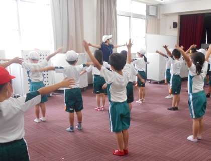 2年生は、ラジオ体操の練習をしていました。先生のお手本を見ながらがんばっていました。他の学年でも、運動会に向けての準備や練習が少しずつスタートしています。
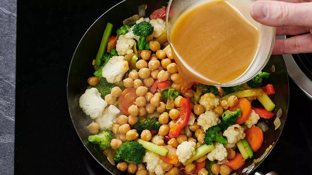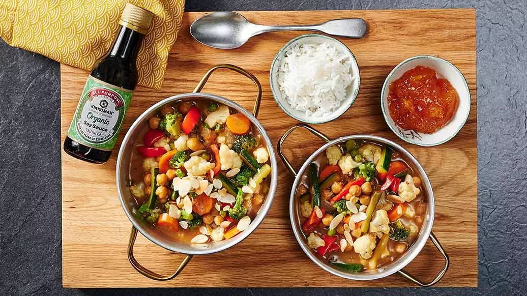 Verhit de olie in een wok of diepe frituurpan op middelhoog vuur. Voeg uien, gember en knoflook en een snufje currypoeder toe en al roerend een minuut lang laten smoren. Voeg de groenten toe en roerbak ze 4 minuten - of tot de groenten gaar zijn. Voeg de kekererwten en het mengsel van Kikkoman natuurlijk gebrouwen biologische sojasaus, kokosmelk en maïszetmeel toe en breng het aan de kook. Ca. 1 minuut en al roerend laten koken totdat de kekererwten warm zijn.
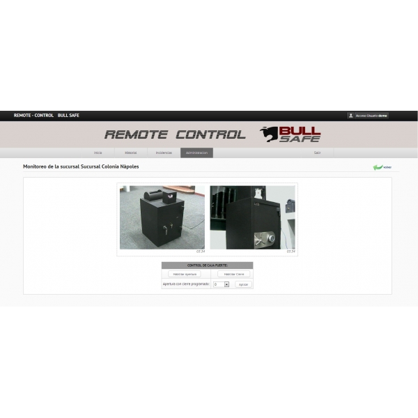 El modo de operación y control de la cerradura del sistema de seguridad se realiza de forma remota, es decir, a través de un portal web se puede habilitar o deshabilitar la apertura de la cerradura. De este modo, en el caso de tener tiendas o sucursales repartidas por todo el paÃs, un único responsable o supervisor, puede tener el control de las aperturas desde un mismo lugar.
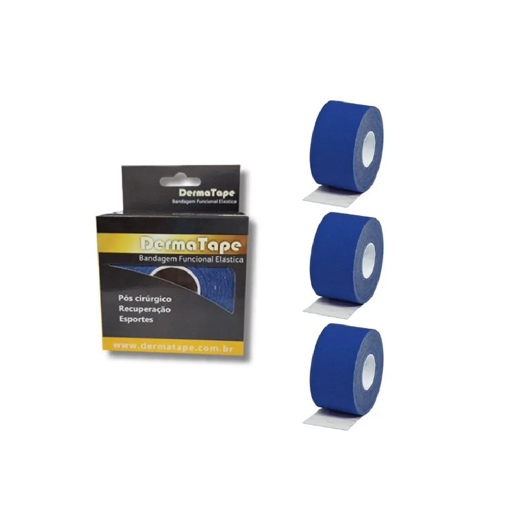 Kit 3 Bandagem Funcional Elástica Derma Tape Bioland Azul
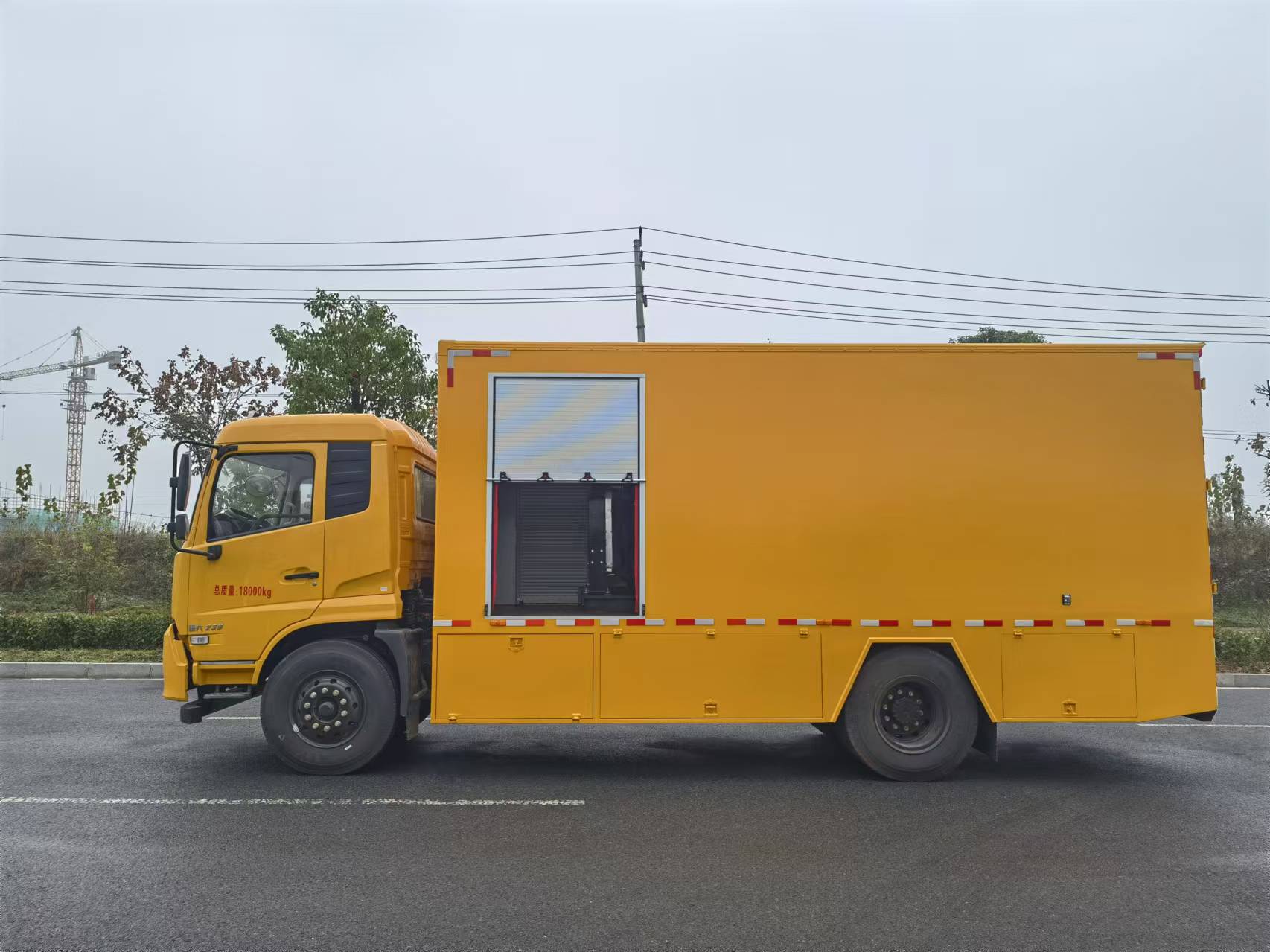 東風(fēng)天錦國六工程車選用的是4×2工程車專用底盤,康明斯六缸230馬力國六排放發(fā)動(dòng)機(jī),法士特八檔(帶高低檔)變速箱,10.00R20鋼絲胎。采用密閉式方艙箱體,單側(cè)各配備3個(gè)卷簾門,尾部一個(gè)卷簾門,合計(jì)共7個(gè)卷簾門。配45KW發(fā)電機(jī)(帶水套加熱器,冬季冷啟動(dòng)加熱)及相應(yīng)取力變速器、控制系統(tǒng)、7.5KW空壓機(jī)組。內(nèi)置油氣分離器廢油罐、歐版真空泵、進(jìn)口1寸工業(yè)卷管器、真空廢油收集器。按鍵加遙控控制,過壓自動(dòng)停機(jī)保護(hù)、廢油液位監(jiān)控保護(hù)等。液壓油加注系統(tǒng)2套:進(jìn)口齒輪泵、1寸卷管器等(根據(jù)實(shí)際需求,帶配套的裝油容器)。稀油加注系統(tǒng)(機(jī)油、齒輪油加注系統(tǒng))2套:進(jìn)口齒輪泵、1/2卷管器、進(jìn)口流量計(jì)\進(jìn)口數(shù)顯加注槍等(根據(jù)實(shí)際需求,帶配套的裝油容器)。潤滑脂加注系統(tǒng)2套:德國氣動(dòng)加注泵(55:1),1/2重型工業(yè)卷管器、加注槍及裝油容器等。防凍液加注系統(tǒng)1套:帶15米卷管器、加注槍及裝液容器。
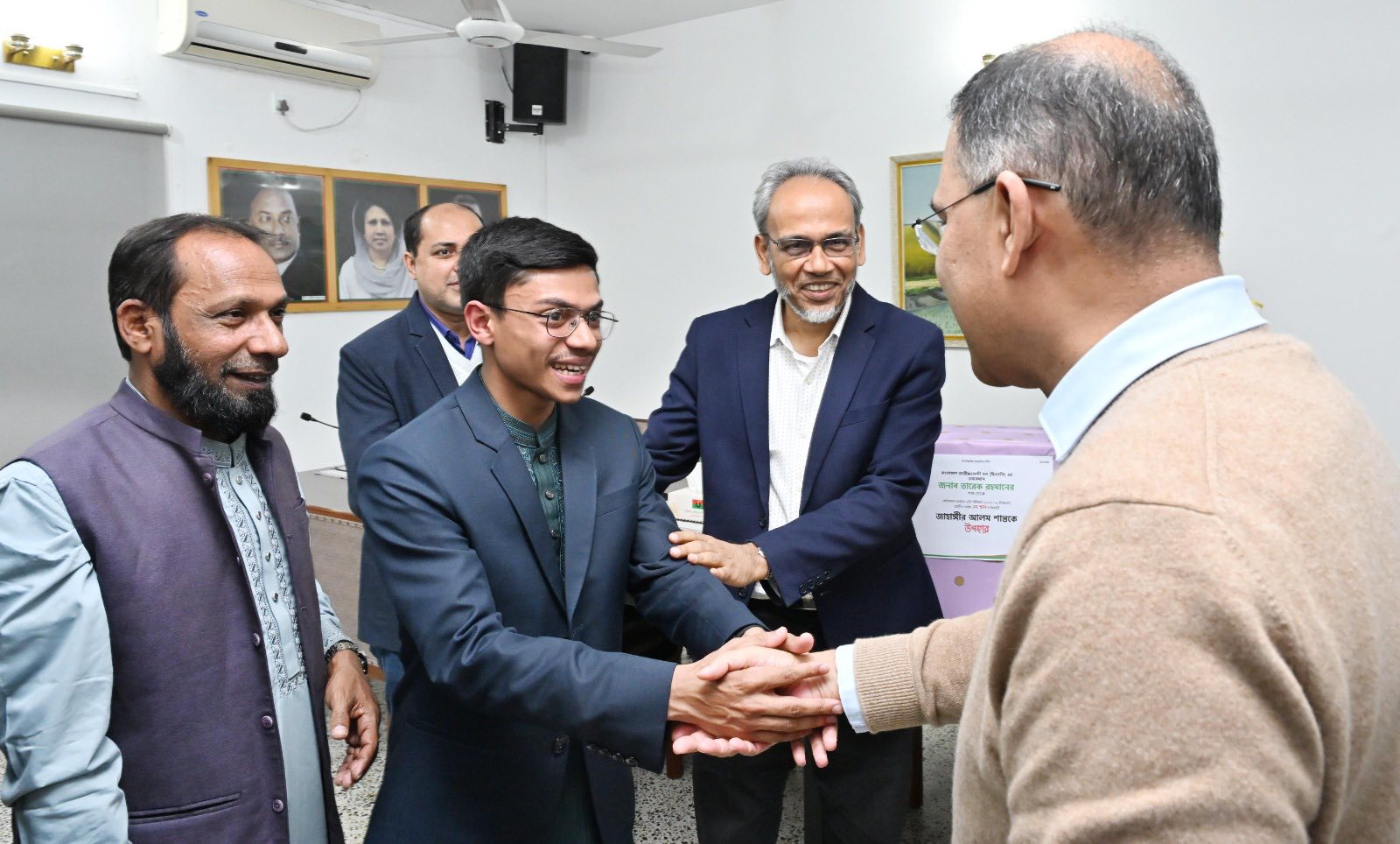 ২০২৫-২৬ শিক্ষাবর্ষের মেডিকেল ও ডেন্টাল ভর্তি পরীক্ষায় সারা দেশে প্রথম স্থান অর্জন করা জাহাঙ্গীর আলম শান্তকে উপহার দিয়েছেন বিএনপির চেয়ারম্যান তারেক রহমান। বুধবার (১৪ জানুয়ারি) রাজধানীর গুলশানে বিএনপি চেয়ারম্যানের রাজনৈতিক কার্যালয়ে শান্তর হাতে ক্রেস্ট তুলে দিয়ে তাকে শুভেচ্ছা জানান তারেক রহমান।

Exercise aim: The records above are to be set down exactly as written, with no images.

Result for this task:
 2年生は、ラジオ体操の練習をしていました。先生のお手本を見ながらがんばっていました。他の学年でも、運動会に向けての準備や練習が少しずつスタートしています。
 Verhit de olie in een wok of diepe frituurpan op middelhoog vuur. Voeg uien, gember en knoflook en een snufje currypoeder toe en al roerend een minuut lang laten smoren. Voeg de groenten toe en roerbak ze 4 minuten - of tot de groenten gaar zijn. Voeg de kekererwten en het mengsel van Kikkoman natuurlijk gebrouwen biologische sojasaus, kokosmelk en maïszetmeel toe en breng het aan de kook. Ca. 1 minuut en al roerend laten koken totdat de kekererwten warm zijn.
 El modo de operación y control de la cerradura del sistema de seguridad se realiza de forma remota, es decir, a través de un portal web se puede habilitar o deshabilitar la apertura de la cerradura. De este modo, en el caso de tener tiendas o sucursales repartidas por todo el paÃs, un único responsable o supervisor, puede tener el control de las aperturas desde un mismo lugar.
 Kit 3 Bandagem Funcional Elástica Derma Tape Bioland Azul
 東風(fēng)天錦國六工程車選用的是4×2工程車專用底盤,康明斯六缸230馬力國六排放發(fā)動(dòng)機(jī),法士特八檔(帶高低檔)變速箱,10.00R20鋼絲胎。采用密閉式方艙箱體,單側(cè)各配備3個(gè)卷簾門,尾部一個(gè)卷簾門,合計(jì)共7個(gè)卷簾門。配45KW發(fā)電機(jī)(帶水套加熱器,冬季冷啟動(dòng)加熱)及相應(yīng)取力變速器、控制系統(tǒng)、7.5KW空壓機(jī)組。內(nèi)置油氣分離器廢油罐、歐版真空泵、進(jìn)口1寸工業(yè)卷管器、真空廢油收集器。按鍵加遙控控制,過壓自動(dòng)停機(jī)保護(hù)、廢油液位監(jiān)控保護(hù)等。液壓油加注系統(tǒng)2套:進(jìn)口齒輪泵、1寸卷管器等(根據(jù)實(shí)際需求,帶配套的裝油容器)。稀油加注系統(tǒng)(機(jī)油、齒輪油加注系統(tǒng))2套:進(jìn)口齒輪泵、1/2卷管器、進(jìn)口流量計(jì)\進(jìn)口數(shù)顯加注槍等(根據(jù)實(shí)際需求,帶配套的裝油容器)。潤滑脂加注系統(tǒng)2套:德國氣動(dòng)加注泵(55:1),1/2重型工業(yè)卷管器、加注槍及裝油容器等。防凍液加注系統(tǒng)1套:帶15米卷管器、加注槍及裝液容器。
 ২০২৫-২৬ শিক্ষাবর্ষের মেডিকেল ও ডেন্টাল ভর্তি পরীক্ষায় সারা দেশে প্রথম স্থান অর্জন করা জাহাঙ্গীর আলম শান্তকে উপহার দিয়েছেন বিএনপির চেয়ারম্যান তারেক রহমান। বুধবার (১৪ জানুয়ারি) রাজধানীর গুলশানে বিএনপি চেয়ারম্যানের রাজনৈতিক কার্যালয়ে শান্তর হাতে ক্রেস্ট তুলে দিয়ে তাকে শুভেচ্ছা জানান তারেক রহমান।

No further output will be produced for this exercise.